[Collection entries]
+++
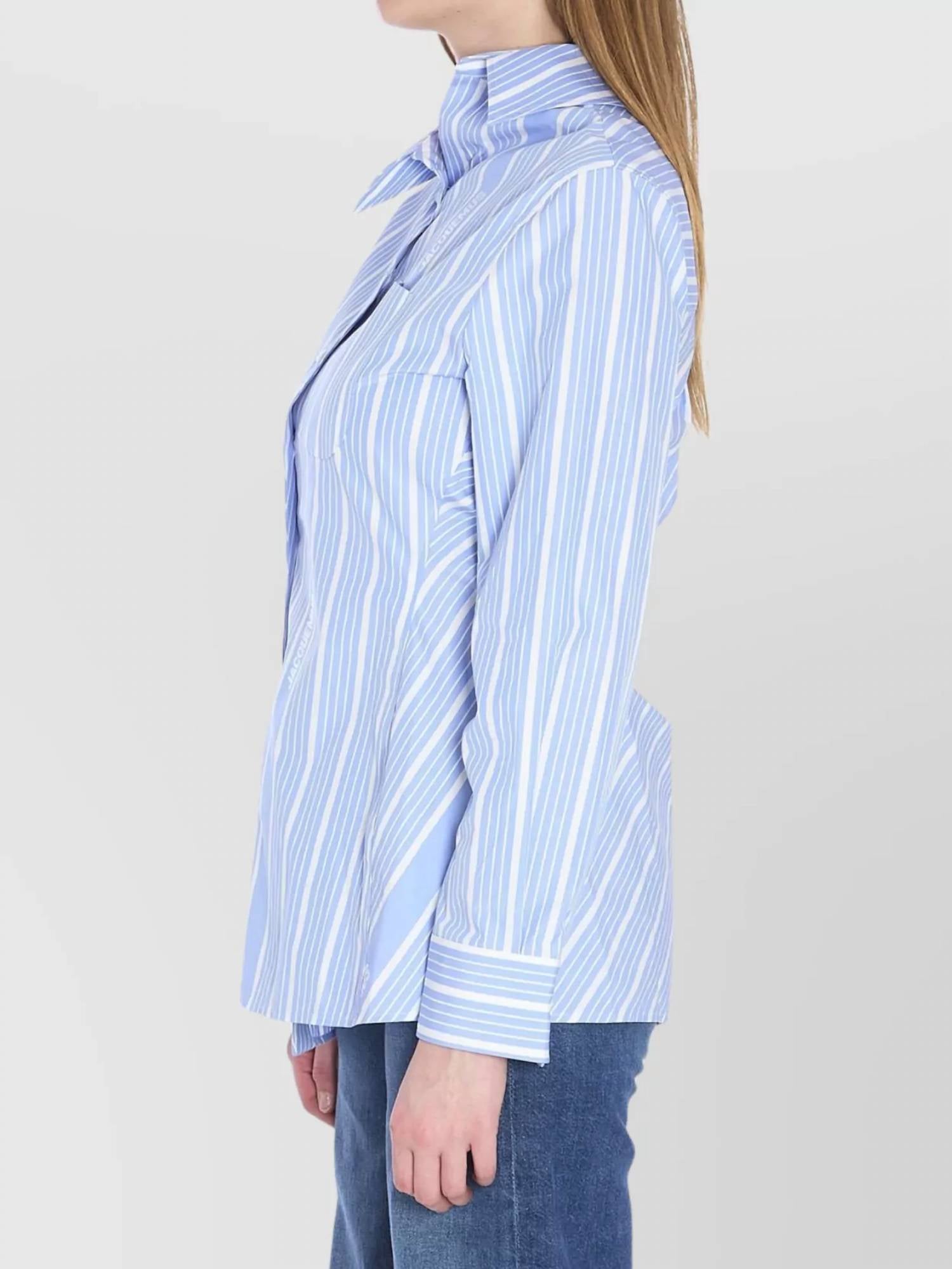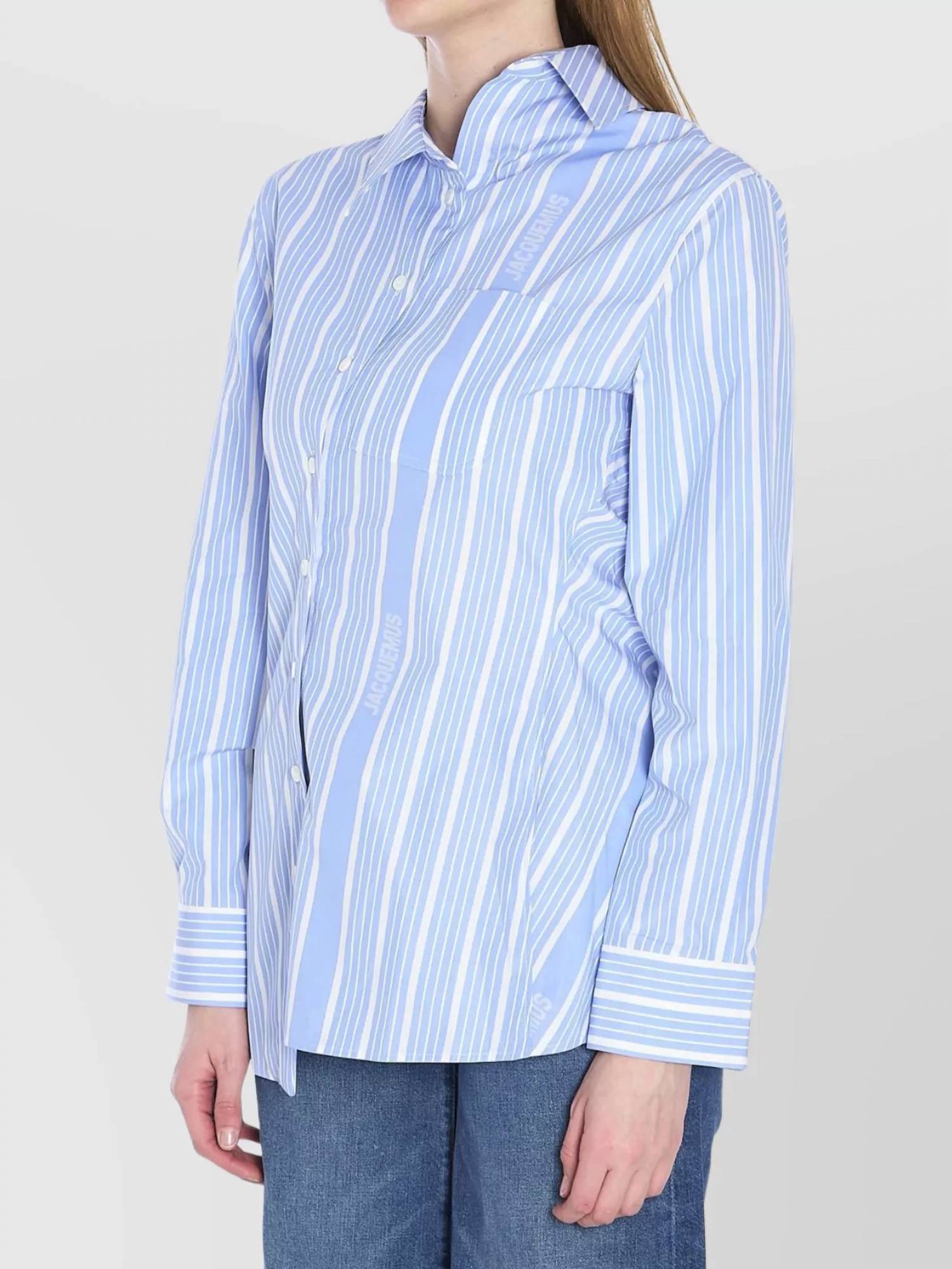 Introducing the Jacquemus La Chemise Pablo, a chic addition to your workwear wardrobe in Jacquard Business Big Logo Stripes Beige/White. This button-down shirt showcases long sleeves and a unique asymmetric design, featuring an asymmetric pointed collar, button placket, and hem. Crafted from 100% Cotton poplin, it offers a straight fit and includes an eye-catching "J" shaped chest pocket and mother-of-pearl buttons. Made in Bulgaria, this piece is perfect for elevating your summer office looks. The model is 177cm and wears a size 34.
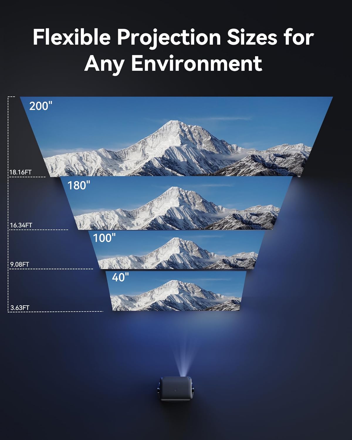 Auto Screen Adjustment, Instant Setup: This home projector features advanced sensor technology, elevating convenience to a new level. Auto Focus and Auto Keystone Correction ensure a seamless viewing experience. Enjoy an Instant razor-sharp image with precise auto focus, keystone correction(±45°), and effortless 50%-100% zoom without moving the projector. Auto obstacle avoidance and screen alignment images ensure a perfect fit every time, delivering true plug-and-play immersion with zero interruptions.
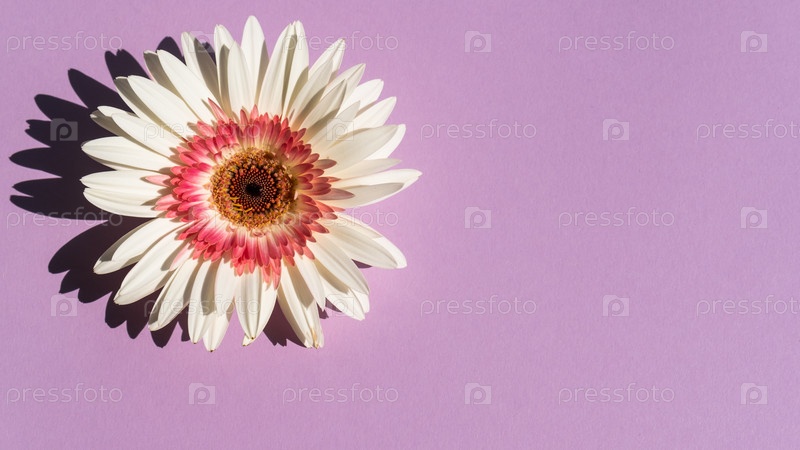 Белая гербера на фиолетовом фоне, плоская планировка
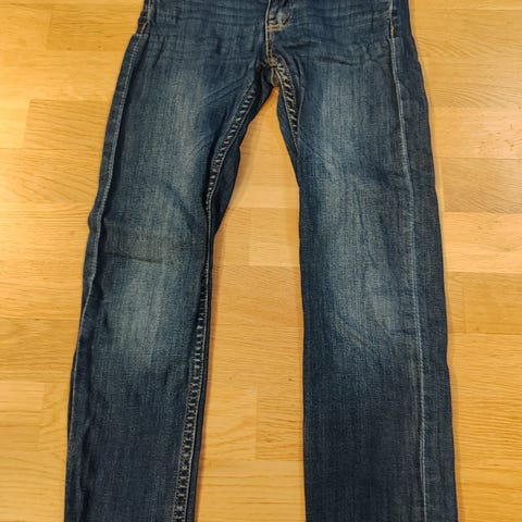 Polarn O. Pyret farkut lapsille, koko 128. Siniset denim-housut, unisex-malli. Housuissa etu- ja takataskut sekä polvissa leikkaussaumat, jotka antavat tilaa liikkua. Materiaali denim. Soveltuvat arkeen ja ulkoiluun vuodenajasta riippuen muiden vaatekerrosten kanssa.
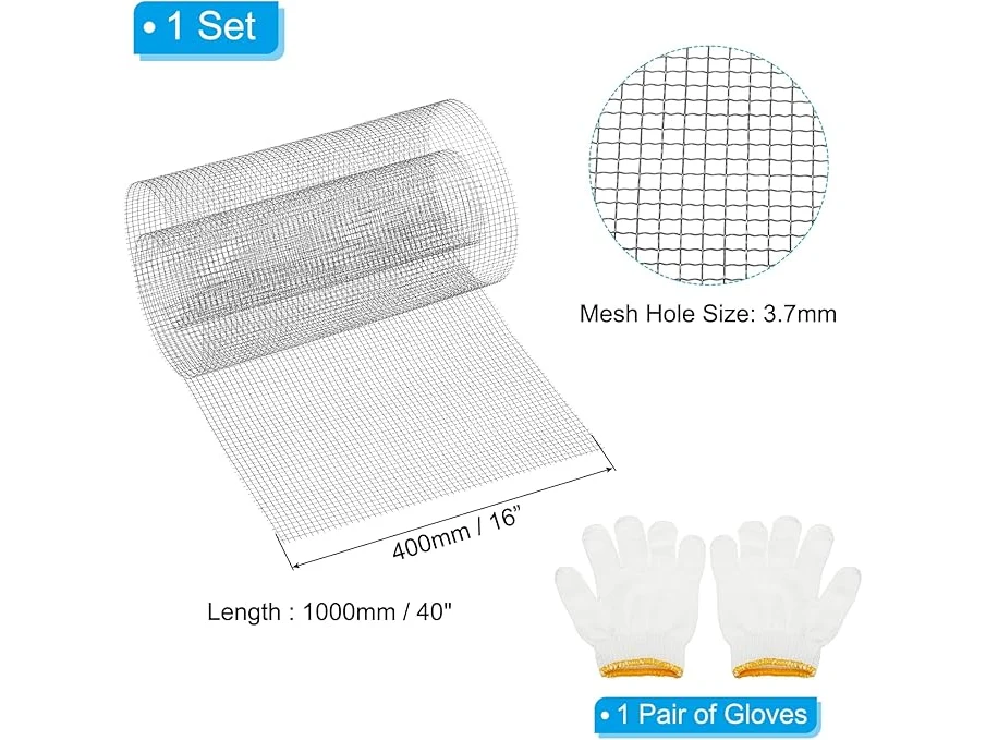 Ongeopend, in seal, PATIKIL 40 "L x 16" W Geweven gaas, 6 Mesh 304 Roestvrij Staal Luchtrooster Filter Scherm met Handschoenen voor Venster Beveiliging Vent Cover Filtratie Dieren Hek, B0CVX893B5
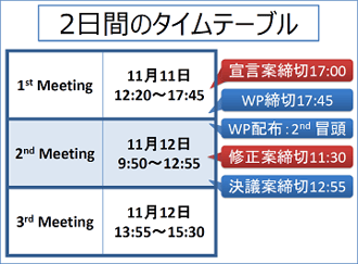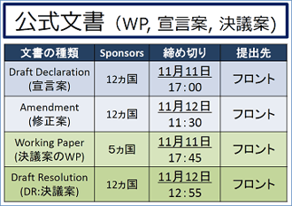 1日目の第1回ミーティングの終了時に、論点1についての宣言案(DD)を提出します。宣言案には12か国以上の提案国(スポンサー)が必要です。また、決議案(DR)策定に向けた、5か国以上のスポンサーによるワーキングペーパー(WP)の提出も認められます。
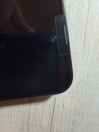 Teléfono móvil iPhone 13 con 128GB de almacenamiento. La pantalla está rota una parte, pero no afecta su funcionamiento, solo a la parte afectada como se ve en la segunda imagen. Batería en reparación pero dura la carga. Precio acorde su estado.
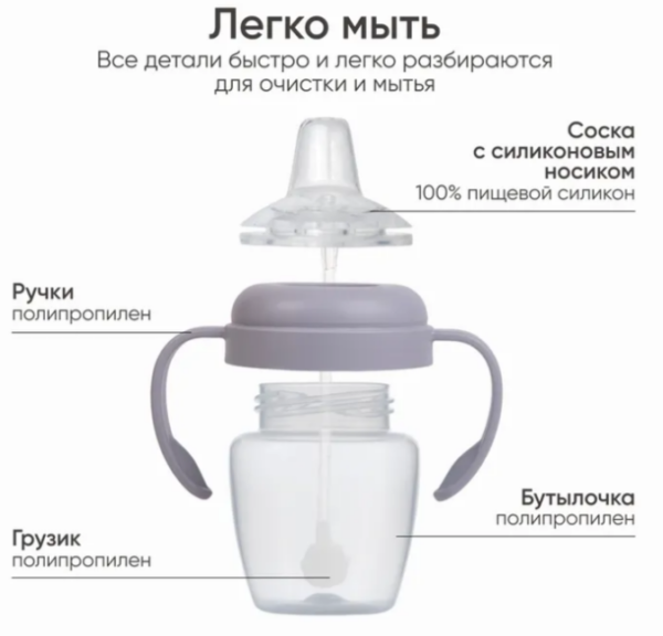 Поильник детский непроливайку легко мыть. Простая конструкция позволяет легко разбирать и мыть поильник, обеспечивая гигиену.
+++
**Your instructions:** The records above are to be set down exactly as written, with no images.

**Completed task:**
 Introducing the Jacquemus La Chemise Pablo, a chic addition to your workwear wardrobe in Jacquard Business Big Logo Stripes Beige/White. This button-down shirt showcases long sleeves and a unique asymmetric design, featuring an asymmetric pointed collar, button placket, and hem. Crafted from 100% Cotton poplin, it offers a straight fit and includes an eye-catching "J" shaped chest pocket and mother-of-pearl buttons. Made in Bulgaria, this piece is perfect for elevating your summer office looks. The model is 177cm and wears a size 34.
 Auto Screen Adjustment, Instant Setup: This home projector features advanced sensor technology, elevating convenience to a new level. Auto Focus and Auto Keystone Correction ensure a seamless viewing experience. Enjoy an Instant razor-sharp image with precise auto focus, keystone correction(±45°), and effortless 50%-100% zoom without moving the projector. Auto obstacle avoidance and screen alignment images ensure a perfect fit every time, delivering true plug-and-play immersion with zero interruptions.
 Белая гербера на фиолетовом фоне, плоская планировка
 Polarn O. Pyret farkut lapsille, koko 128. Siniset denim-housut, unisex-malli. Housuissa etu- ja takataskut sekä polvissa leikkaussaumat, jotka antavat tilaa liikkua. Materiaali denim. Soveltuvat arkeen ja ulkoiluun vuodenajasta riippuen muiden vaatekerrosten kanssa.
 Ongeopend, in seal, PATIKIL 40 "L x 16" W Geweven gaas, 6 Mesh 304 Roestvrij Staal Luchtrooster Filter Scherm met Handschoenen voor Venster Beveiliging Vent Cover Filtratie Dieren Hek, B0CVX893B5
 1日目の第1回ミーティングの終了時に、論点1についての宣言案(DD)を提出します。宣言案には12か国以上の提案国(スポンサー)が必要です。また、決議案(DR)策定に向けた、5か国以上のスポンサーによるワーキングペーパー(WP)の提出も認められます。
 Teléfono móvil iPhone 13 con 128GB de almacenamiento. La pantalla está rota una parte, pero no afecta su funcionamiento, solo a la parte afectada como se ve en la segunda imagen. Batería en reparación pero dura la carga. Precio acorde su estado.
 Поильник детский непроливайку легко мыть. Простая конструкция позволяет легко разбирать и мыть поильник, обеспечивая гигиену.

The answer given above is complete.